Items from a data source:
· · · ·

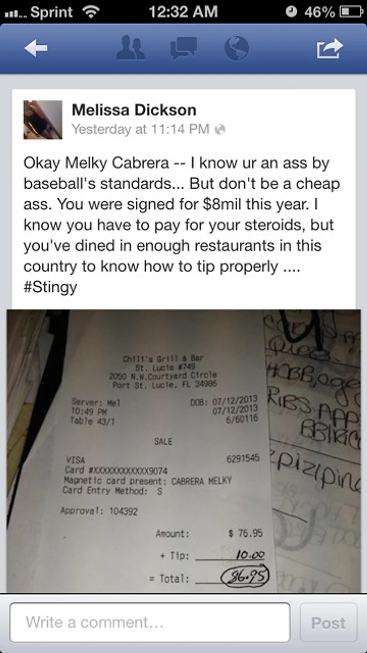 Бейсболисту «Торонто» Мелки Кабрере сильно не повезло. Чаевые в 10 долларов при счете на 77 долларов – это не так плохо. К несчастью Кабреры, его официантка оказалась бейсбольным блогером и выложила фотографию счета в интернет, подписав: «Я знаю, что вам нужно платить за стероиды, но вы посетили достаточно ресторанов, чтобы знать, что такое нормальные чаевые».
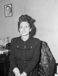 Mrs. Harry Brooks Baker, of 2625 Lubbock Avenue, who recently was elected president of the Euterpean Club. Mrs. Baker is wearing a dress suit, gloves, earrings and open-looped half hat. In her lap is an alligator clutch. She is sitting at a desk. Behind her on the wall is a portrait of a man. Published in the Fort Worth Star-Telegram morning edition, April 6, 1944.
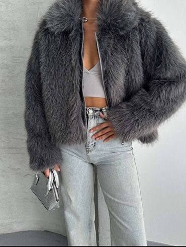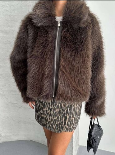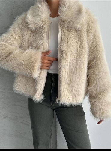 Ženska bunda/kaput od veštačkog krzna u boji krem. Model sa izraženim, širokim reverima i dužinom do ispod kukova. Pojas od imitacije kože u smeđoj boji sa metalnom kopčom naglašava struk; isti kož...
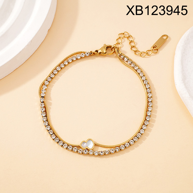 Home > Level B Stainless Steel New Trendy Women Jewelry Two Layers Chain White Rhinestone Calabash Golden Bracelet
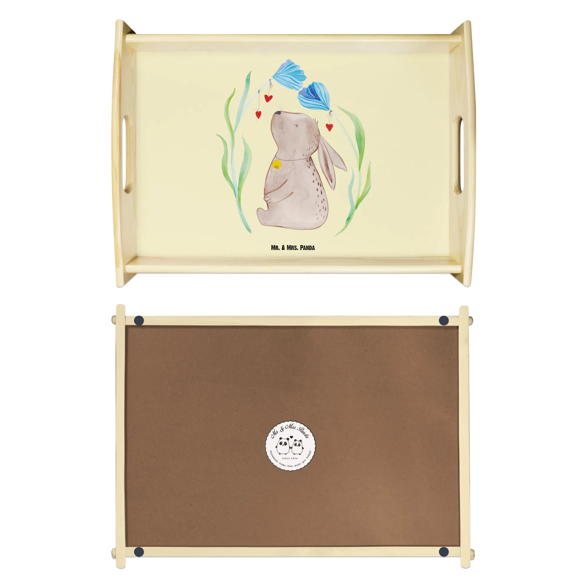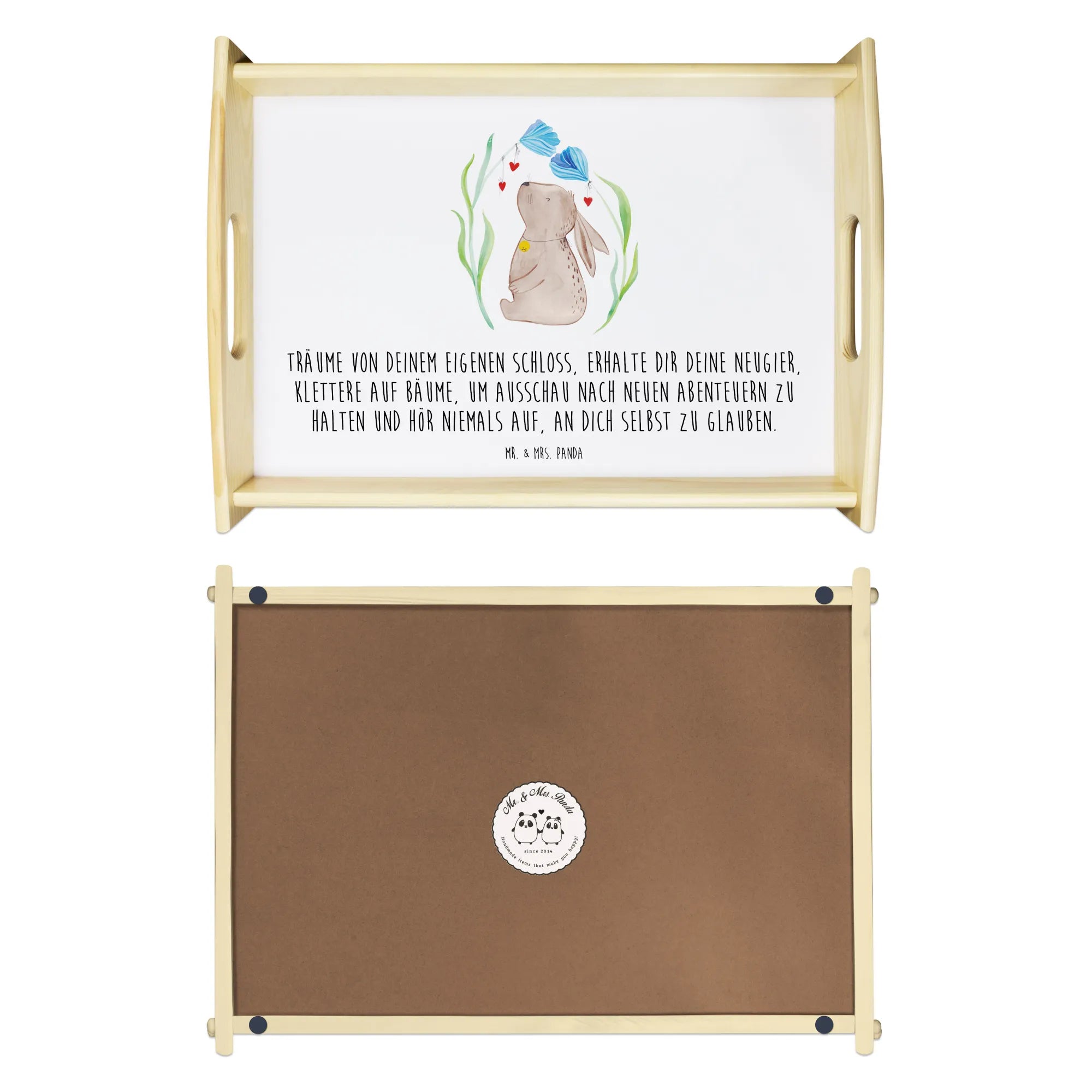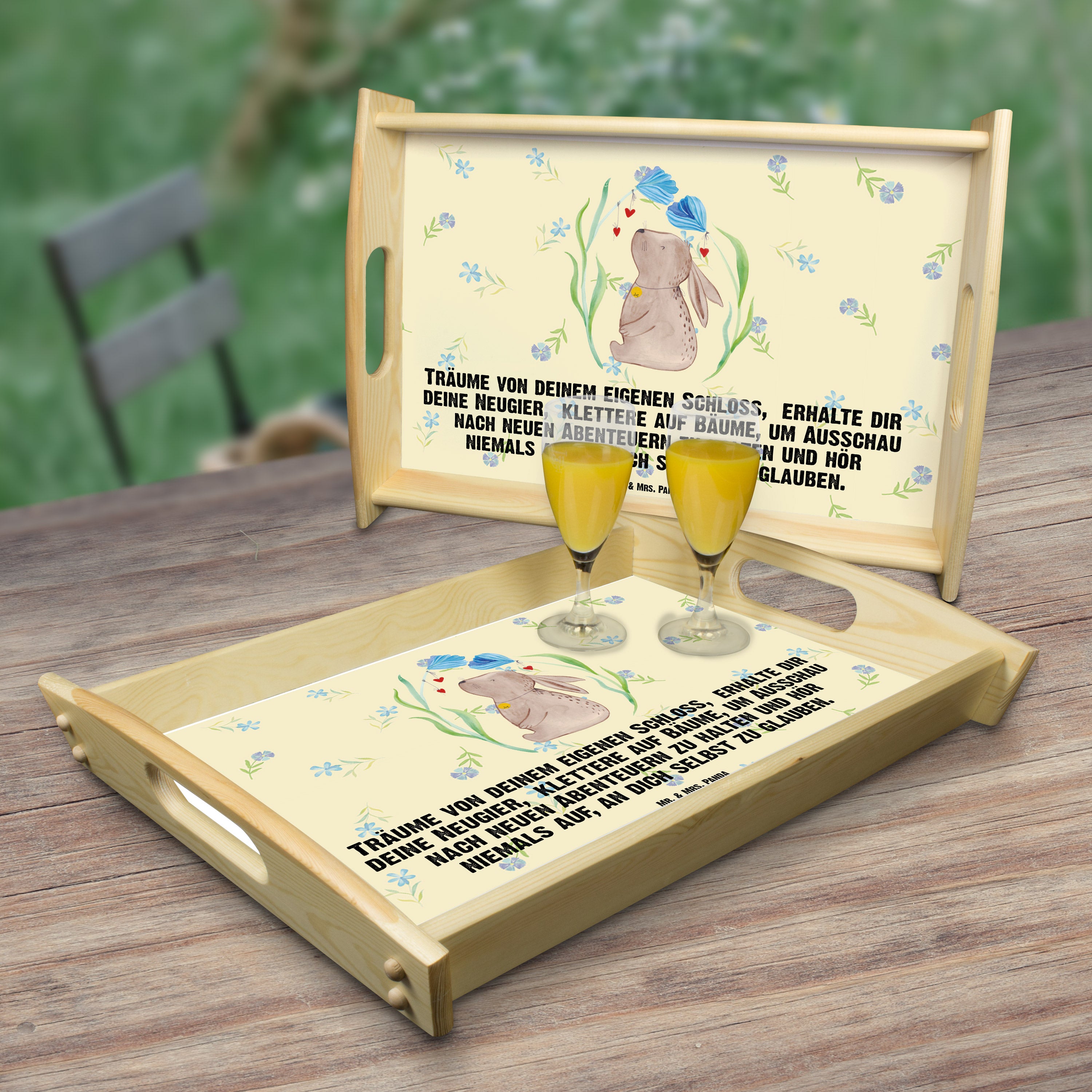 Das wunderschöne Serviertablett "Hase Blume" aus der Ostern-Kollektion von Mr. & Mrs. Panda ist der perfekte Begleiter für deine gemütlichen Osterfrühstücke oder als fröhliches Dekorationselement für dein Zuhause. Die Liebhaber des Osterfestes werden begeistert sein von dem liebevoll gestalteten Motiv, das einen süßen kleinen Hasen zeigt, der zwischen bunten Blumen hopsend zu sehen ist. Mit dem beeindruckenden Aufdruck wird jede Einladung zum Brunch oder jedes Frühstück im Bett zu etwas ganz Besonderem.
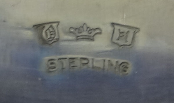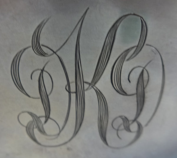 This exquisite sterling silver centerpiece bowl was made by Quaker Silver Co. of Massachusetts circa 1926-59, and then became part of Gorham. The bowl has a pedestal base with acanthus leaves and 3-D lion's head. It has a "DKD" monogram, and it measures 5 3/8" tall, 8 1/4" in diameter, and it weighs 23.11 ozt. It is in excellent condition.
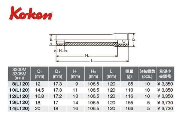 ● ディープソケットより更に長いエクストラディープタイプです。全長120mmです。
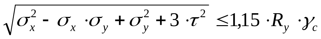 Если все три напряжения действуют одновременно, то проверка местной устойчивости осуществляется по формуле:
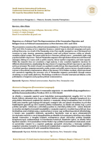 Kovács Alex Ilián: Migration as a political tool: the representation of the Venezuelan migration and refugee crisis in political communication in Peru between 2021 and 2026 = Migráció, mint politikai eszköz: a venezuelai migrációs- és menekültválság megjelenése a politikai kommunikációban Peruban 2021 és 2026 között : [absztrakt].
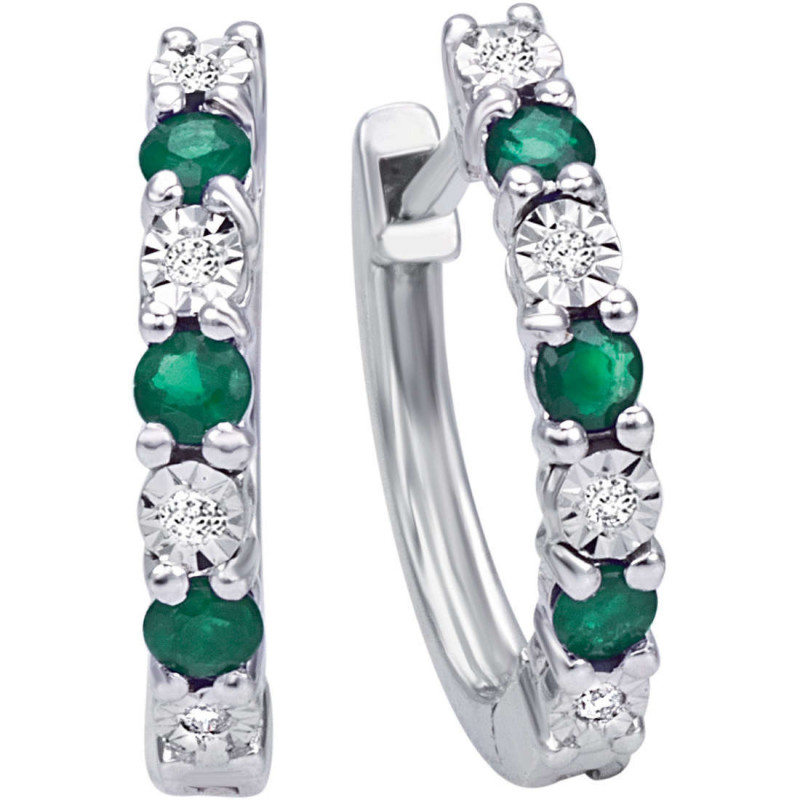 Orecchini oro Bianco 18 k E Brillanti Di Carati 0,03 e Smeraldi Di Carati 0,30

· · · ·

### What to work on
For this exercise, set down exactly the lines that run from the line holding "Kovács Alex Ilián: Migration" to the last line of the records above; include both end lines and omit pictures.

### Task answer
 Kovács Alex Ilián: Migration as a political tool: the representation of the Venezuelan migration and refugee crisis in political communication in Peru between 2021 and 2026 = Migráció, mint politikai eszköz: a venezuelai migrációs- és menekültválság megjelenése a politikai kommunikációban Peruban 2021 és 2026 között : [absztrakt].
 Orecchini oro Bianco 18 k E Brillanti Di Carati 0,03 e Smeraldi Di Carati 0,30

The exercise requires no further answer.